Those early experiments were about conditioned responses, not involuntary responses. If you had been telling your dog platz several times a day over the course of several years without reinforcement and he still offered the behavior, then that would run counter to extinction. A marker without occasional reinforcement ceases to be a marker. For instance if Pavlov had quit feeding his dogs when the tone sounded yet the tone continued to sound, the dogs would eventually stop salivating upon hearing it.


----------



## rick smith (Dec 31, 2010)

btw, what happened to Drew ?? 
is any of this thread helping you, confusing you, or just stuff you already knew ... just wondering since it is all related to your original Q ... i think


----------



## Terrasita Cuffie (Jun 8, 2008)

Charles Guyer said:


> Those early experiments were about conditioned responses, not involuntary responses. If you had been telling your dog platz several times a day over the course of several years without reinforcement and he still offered the behavior, then that would run counter to extinction. A marker without occasional reinforcement ceases to be a marker. For instance if Pavlov had quit feeding his dogs when the tone sounded yet the tone continued to sound, the dogs would eventually stop salivating upon hearing it.



Pavlov's dog experiment was based on a reflex involuntary behavior. The early work was done with dolphins or other marine animals. Total different ball game. All dogs aren't the same. For us basic behaviors like sit, down, recall, heel, etc. don't continue to be reinforced behaviors once learned. We use these commands with our dogs throughout their lives. Most don't wear any type of collar around the house and we certainly don't get dressed with treats, tugs or toys to get the dogs to perform commands around the house or when we are out in public. Nor is there any reason to command a dog to "platz" or anything else several times a day. I can go all week without giving a command to a somewhat finished adult dog. As for occasional reinforcement and markers--how occasional? Varies depending on the dog. And how do you know it will cease to be a marker. Ever tried to see how far you can go without the primary reinforcer to the point that the secondary reinforcer doesn't have any effect?

Terrasita


----------



## Juan Galvis (Nov 22, 2010)

Terrasita Cuffie said:


> Pavlov's dog experiment was based on a reflex involuntary behavior. The early work was done with dolphins or other marine animals. Total different ball game. All dogs aren't the same. For us basic behaviors like sit, down, recall, heel, etc. don't continue to be reinforced behaviors once learned. We use these commands with our dogs throughout their lives. Most don't wear any type of collar around the house and we certainly don't get dressed with treats, tugs or toys to get the dogs to perform commands around the house or when we are out in public.
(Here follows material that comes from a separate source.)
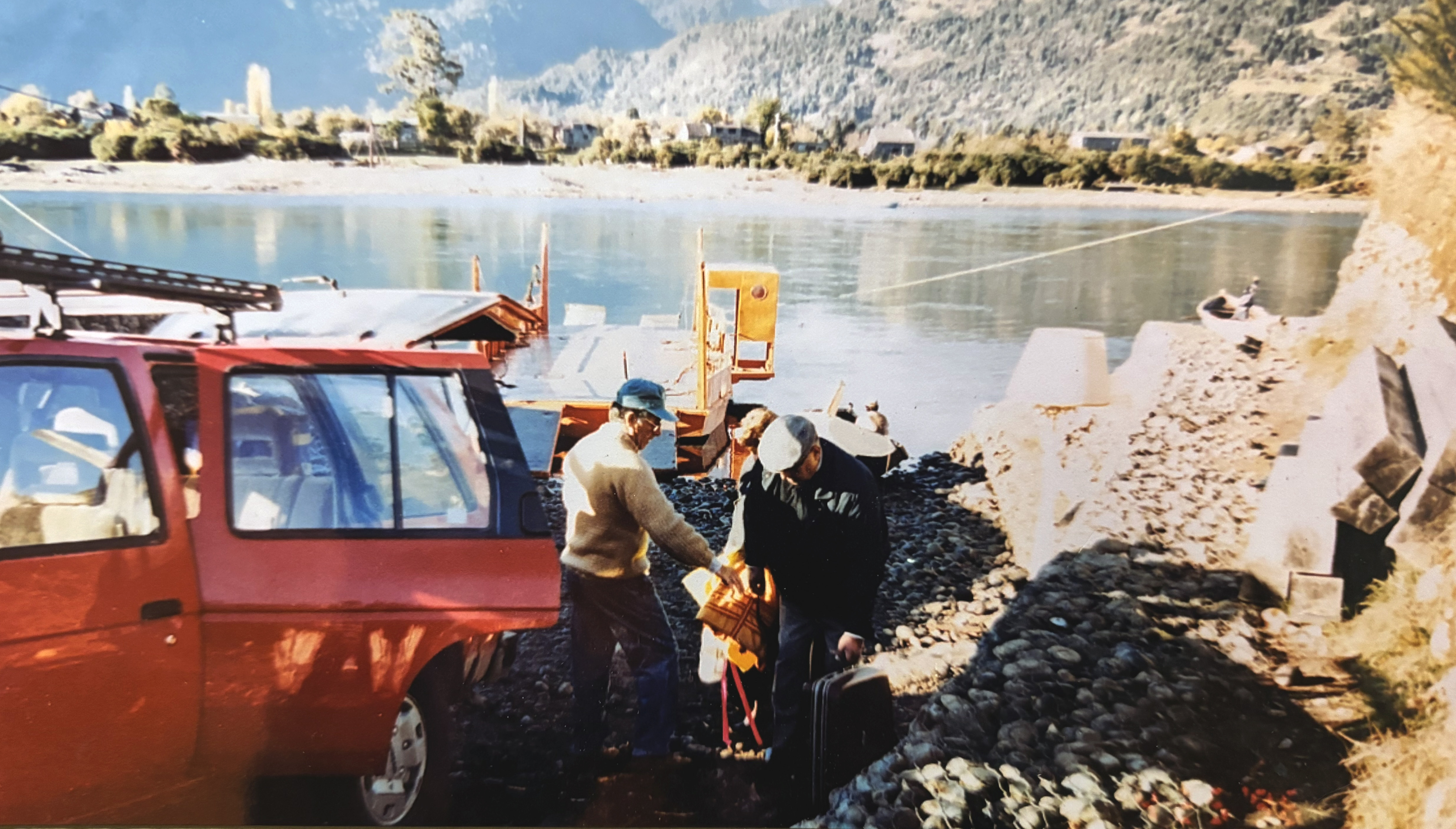 Escena cotidiana de transbordo vehicular y de pasajeros previo a la construcción del puente definitivo. La fotografía captura la logística del cruce en balsa: la espera en la orill...

Nor is there any reason to command a dog to "platz" or anything else several times a day. I can go all week without giving a command to a somewhat finished adult dog. As for occasional reinforcement and markers--how occasional? Varies depending on the dog. And how do you know it will cease to be a marker. Ever tried to see how far you can go without the primary reinforcer to the point that the secondary reinforcer doesn't have any effect?
> 
> Terrasita


Terrasita maybe you have discovered some magical snake oil way to train dogs. It seems your method defies all scientific research by Pavlov and skinner. I would still love to see on video that lighting-speed-dirt hitting-in motion Platz you never practiced for years in the face of high distraction. Also you said pavlov worked with Dolphins??? That is the biggest fallacy ever heard. No point to continue this exchange of ideas with such lack of knowledge on theory.


----------



## Terrasita Cuffie (Jun 8, 2008)

Juan Galvis said:


> Terrasita maybe you have discovered some magical snake oil way to train dogs. It seems your method defies all scientific research by Pavlov and skinner. I would still love to see on video that lighting-speed-dirt hitting-in motion Platz you never practiced for years in the face of high distraction. Also you said pavlov worked with Dolphins??? That is the biggest fallacy ever heard. No point to continue this exchange of ideas with such lack of knowledge on theory.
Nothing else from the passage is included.